As Paws Up grew, we discovered that while we were catering to families, we were beginning to alienate our couples. So, we decided that we needed a separate adults-only resort, still on the Paws Up Ranch, but secluded, near the southern edge. We wanted it to be architecturally forward and designforward. Over the years, I had really fallen in love with treehouses, and of course, we didn’t want to do a typical treehouse—we wanted to push it. We went for a modern, steel-and-glass house designed with organic and sustainable materials like reclaimed wood. We put these treehouses 23 feet up in the air and made them floor- to-ceiling glass. When you look out, you feel like you’re part of the forest canopy. And in Paws Upstyle, we wanted to do individual homes versus anything more lodge-like, because we always feel like these individual homes offer this level of privacy. It puts you at one with nature more than a lodge would.

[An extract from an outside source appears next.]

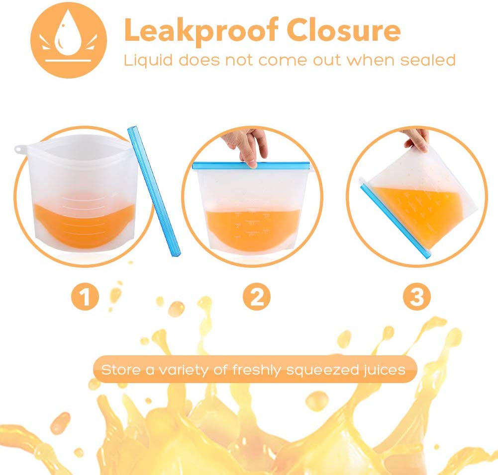 The food storage bags are absolutely airtight and totally leakproof. The bags never stain or retain odors.Keep fresh of milk,

Why did you name it Green O?
There are a few reasons. First, there’s a connection to Greenough, the town we sit in. Sheepherder
Paul Greenough, the founder of the town, was instrumental in bringing together the different parcels that now make up Paws Up Ranch. He had a good sense of humor, and to mark his sheep, he painted a big green “o” on them. Second, we set up the 12 homes in a perfect circle: an “o” with the Social House restaurant, in the middle. And it’s deep in the forest, so the setting is super green and lush with pine trees. Literally, it’s a very green “o.”
What kind of experience do you hope your guests go home with?
We say, “It’s amazing how 37,000 acres can actually bring your family closer together.” The contrast of that is great. Here’s this giant ranch that’s larger than Manhattan, yet, the mechanics of the whole resort experience are designed to bring you closer, to have those great meals together. The resort has this ability to really bring your family close. You’re doing activities together, many of which you’ve never done before, and that makes you bond. Can we rappel down a cliff? Shoot sporting clays? ATV? Fly-fish? Whatever it is, the families give each other the confidence to do things they’ve never done before. They’re making indelible memories, and they’re having these experiences as a family. When I see our guests have that type of experience together, it makes the whole thing really worthwhile. That is really, truly the goal.